The stopped clock named Rand Paul
by digby
Sen. Rand Paul (R-Ky.) said Monday that Boston bombing suspect Dzhokhar Tsarnaev should not be treated as an enemy combatant, a stance that puts him at odds with some of his Republican colleagues.
During an interview with Fox Business, Paul told host Neil Cavuto that he disagreed with Republicans who have called for the enemy combatant designation for Tsarnaev.
“I think we can still preserve the Bill of Rights,” Paul said. “I see no reason why our Constitution is not strong enough to convict this young man, with a jury trial, with the Bill of Rights. We do it to horrible people all the time. Rapists and murderers, they get lawyers, they get trials with juries ,and we seem to do a pretty good job of justice, so I think we can do it through our court system.”
It’s a low bar for civil liberties, but at least he met it. It’s more than we can say for a whole lot of other people. (Well, today, anyway. Yesterday, there was this.)
Update: Also too, this today:
“If there is a killer on the loose in a neighborhood, I’m not against drones being used to search them,” he said on the Fox Business Channel…
“Here’s the distinction, I have never argued against any technology being used against having an imminent threat an act of crime going on,” Paul said. “If someone comes out of a liquor store with a weapon and fifty dollars in cash I don’t care if a Drone kills him or a policeman kills him, but it’s different if they want to come fly over your hot tube, or your yard just because they want to do surveillance on everyone, and they want to watch your activities.”
Uhm, really?

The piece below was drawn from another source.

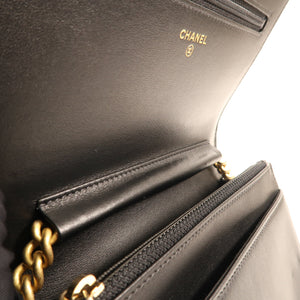 CHANELCC GHW Wallet On Chain Shoulder Bag Calfskin Leather Black/ Gold

I think he’s a little bit confused. I get that he’s making the point that there’s little distinction between drones and guns as weapons. But from a civil liberties perspective it’s unwise not to be very clear that we aren’t supposed to just gun down robbers on sight in this country, at least not one’s who aren’t presenting an obvious threat to a police officer or someone else.
And coming from a 2nd Amendment absolutist it’s especially odd. After all, what if it’s just an average citizen exercising his constitutional right to openly carry a gun in a 7-11 and he happens to have fifty dollars in cash? It’s ok to hit him with a hellfire missile first and ask questions later?

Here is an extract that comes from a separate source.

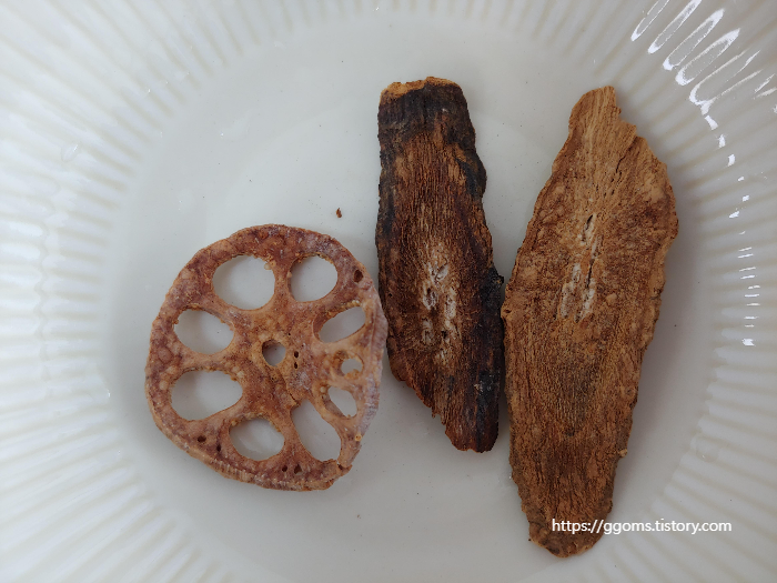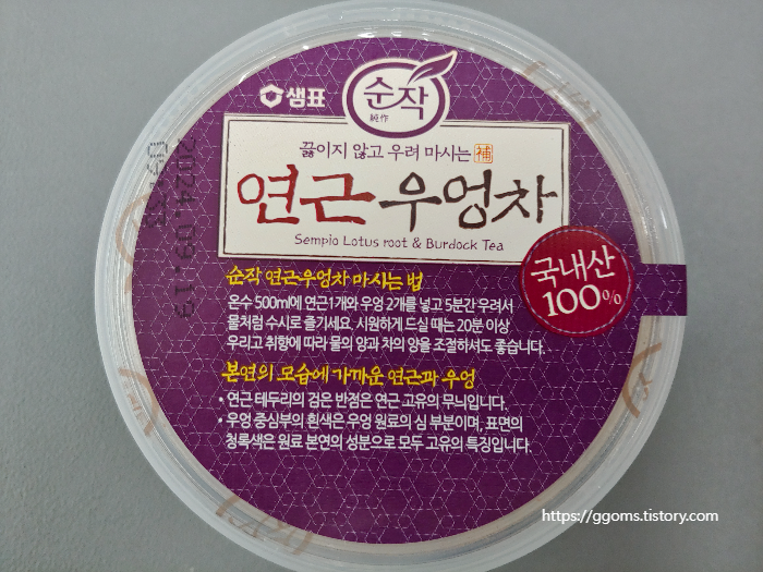 마시는 법은 온수 500ml에 연근 1개와 우엉 2개를 넣고 5분간 우리면 된다고 합니다.

I appreciate Paul’s concerns for our personal privacy, I really do. I believe that drones used for surveillance is a bad idea as well (and I really don’t think our decent public servants need to be subjected to seeing me in a hot tub.) But civil libertarians don’t usually (even tacitly) endorse the idea of shooting down suspected robbers on the spot. On the other hand, Paul is into forced childbirth as well, so he’s already something of a cafeteria civil libertarian.